Personally, I don't think an artificial intellegence could every really be conscious and self-aware. I think that it could mimic humans, perhaps very well, but never truely be "alive".


There are a number of scientists who would agree with you. The mathematician Roger Penrose is probably the most well known of the lot, and has put forward his case in the books "The Emperor's New Mind" and "Shadows of the Mind". They were received quite seriously even if many researchers disagreed with them. Unfortunately for Penrose, his own ideas on the origin of consciousness do not seem to have been borne out.

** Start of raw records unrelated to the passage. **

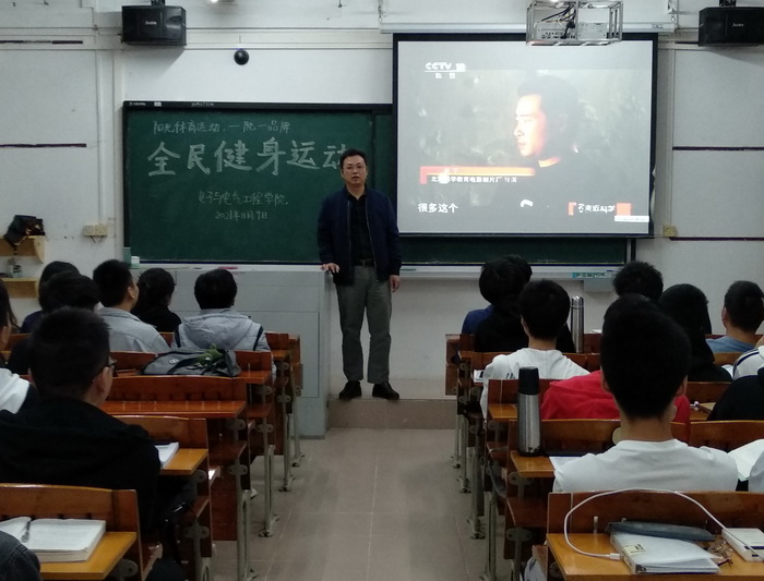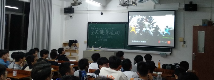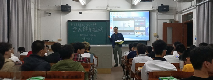 【本网讯】2021年11月9日晚,WilliamHill中文在2021级新生各班级课室中开展全民健身运动--推广和普及陈式太极拳。全体新生通过观看由中央电视台与国家体育总局联合拍摄的纪录片《最高境界格斗术之--解密太极传说》,由陈式太极拳第十一代传人张志俊先生科学解密太极拳,从中学习和了解陈氏太极拳。2021级全体新生、值班老师、带班党员、体育部骨干共650多人参加活动,党委副书记傅汉球出席讲话并参加活动。
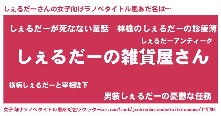 | 男性向けラノベタイトル風あだ名 | 『やはりしぇるだーの青春ラブコメはまちがっている 』 |
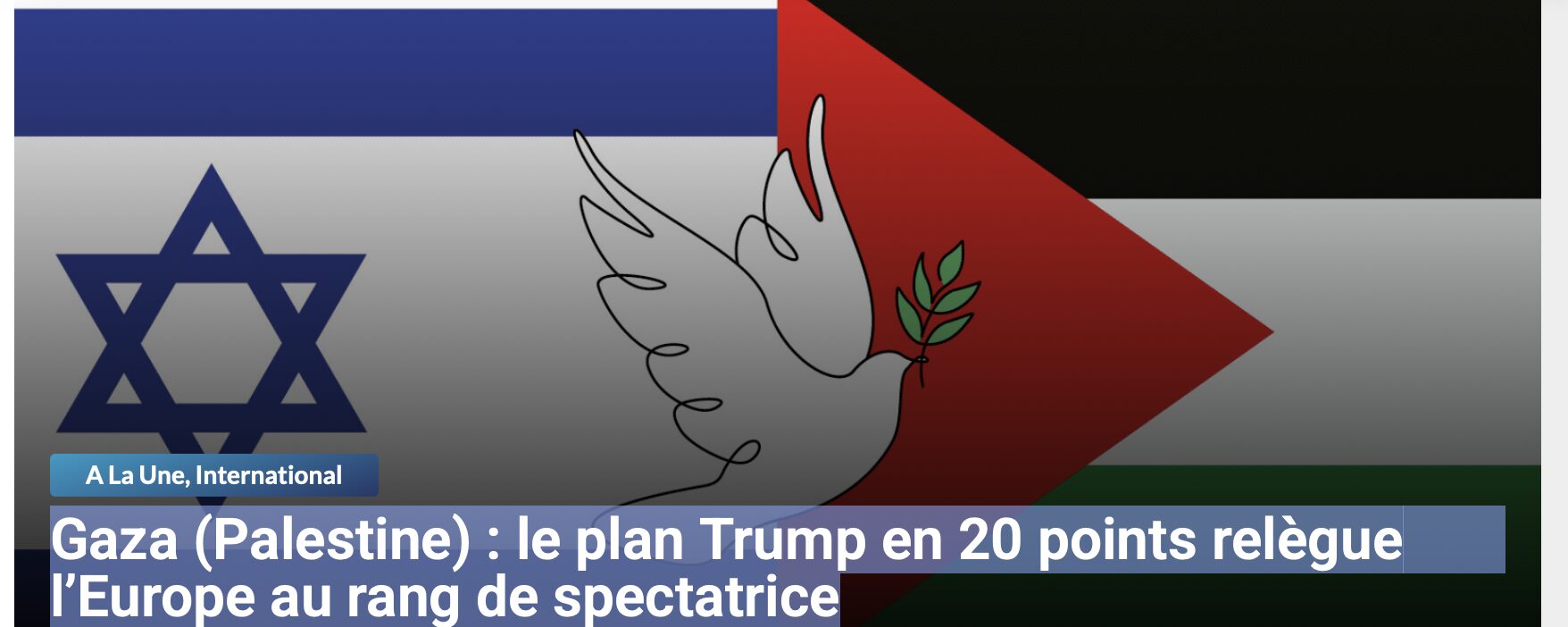 En effet, non seulement les Européens ont montré leur impuissance, mais ils ont démontré et leur sottise et leur collaboration, ils ne sont bons qu’à accueillir chez nous des fanatiques, des terroristes en puissance et en continuant, cerise sur le gâteau, à financer, à nos dépens, des antisémites qui ne vivent que pour que crève IsraËl.  Bref, Trump organise une paix provisoire qui va libérer encore des centaines de terroristes, libres de recommencer à creuser des trous sous les écoles et hôpitaux de Gaza… Et on ne parlera pas de son projet ridicule de faire de Gaza un paradis pour milliardaires…

Aside from Penrose there are a few others who have taken similar positions, such as Tony Bell:
http://www.cnl.salk.edu/~tony/ptrsl.pdf

Where do you think of the line between brain and soul lies?


It's a difficult question to answer without a solid definition of 'soul'. My own biases are towards largely material causes for the origins of human consciousness, even if such causes cannot be effectively modelled by standard computers.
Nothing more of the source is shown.